OUTLINE: Patients are randomized to 1 of 3 treatment arms.

* Arm A: Patients receive GVAX pancreatic cancer vaccine intradermally (ID) on day 1 and undergo pancreaticoduodenectomy on day 15. Approximately 6-10 weeks after surgery, patients receive an additional dose of the vaccine. Beginning approximately 1 month after vaccination, patients receive standard adjuvant chemoradiotherapy comprising gemcitabine, fluorouracil or capecitabine, and radiotherapy over 26-28 weeks. Beginning approximately 4-8 weeks after the completion of chemoradiotherapy, patients receive the vaccine on day 1. Treatment with the vaccine repeats every 28 days for 4 courses.
* Arm B: Patients receive low-dose cyclophosphamide IV on day 0 and GVAX pancreatic cancer vaccine ID on day 1. Patients undergo pancreaticoduodenectomy on day 15. Approximately 6-10 weeks after surgery, patients receive low-dose cyclophosphamide IV on day 0 and the vaccine on day 1. Beginning approximately 1 month after vaccination, patients receive standard adjuvant chemoradiotherapy comprising gemcitabine, fluorouracil or capecitabine, and radiotherapy over 26-28 weeks. Beginning approximately 4-8 weeks after the completion of chemoradiotherapy, patients receive low-dose cyclophosphamide IV on day 0 and the vaccine on day 1. Treatment with cyclophosphamide and the vaccine repeats every 28 days for 4 courses.
* Arm C: Patients receive GVAX pancreatic cancer vaccine ID on day 1 and low-dose oral cyclophosphamide twice daily on days 1-7. Patients undergo pancreaticoduodenectomy on day 15. Approximately 6-10 weeks after surgery, patients receive the vaccine on day 1 and low-dose oral cyclophosphamide twice daily on days 1-7 and 15-21. Beginning approximately 1 month after vaccination, patients receive standard adjuvant chemoradiotherapy comprising gemcitabine, fluorouracil or capecitabine, and radiotherapy over 26-28 weeks. Beginning approximately 4-8 weeks after the completion of chemoradiotherapy, patients receive the vaccine on day 1 and low-dose oral cyclophosphamide twice daily on days 1-7 and 15-21. Treatment with the vaccine and cyclophosphamide repeats every 28 days for 4 courses.

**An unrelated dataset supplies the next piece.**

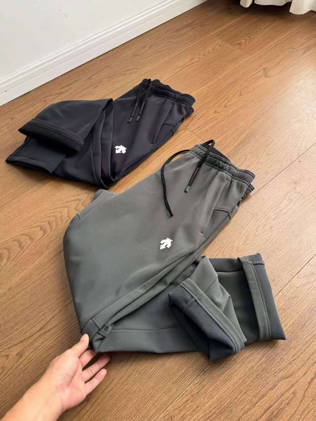 New Arrival! Descente Men's Woven Sports Running Pants, Autumn/Winter Windproof, Warm, Fleece-Lined. Made with 3L composite fleece fabric. The fabric is lightweight, windproof, and has a structured silhouette. The inner fleece layer is soft, delicate, and skin-friendly. Featuring an Active sports fit, it combines comfort and flexibility. The 3L composite fleece fabric is windproof, warm, soft, and skin-friendly. The adjustable elastic waistband stabilizes core muscles and allows for free adjustment, focusing on athletic performance. The Run-style design features a fleece lining for warmth and dual functionality for both warmth and exercise. Symmetrical pockets with hidden zippers.

Patients undergo blood sample collection periodically for correlative laboratory studies, including immune cell analysis. Immune cell analysis includes monitoring the quantitative change of peripheral blood lymphocytes, including regulatory T cells (Tregs), and functional analysis of T-cell immune response. Tumor tissue samples collected at the time of surgery are analyzed for tumor antigens and infiltrating immune cells by immunohistochemistry and quantitative real-time PCR.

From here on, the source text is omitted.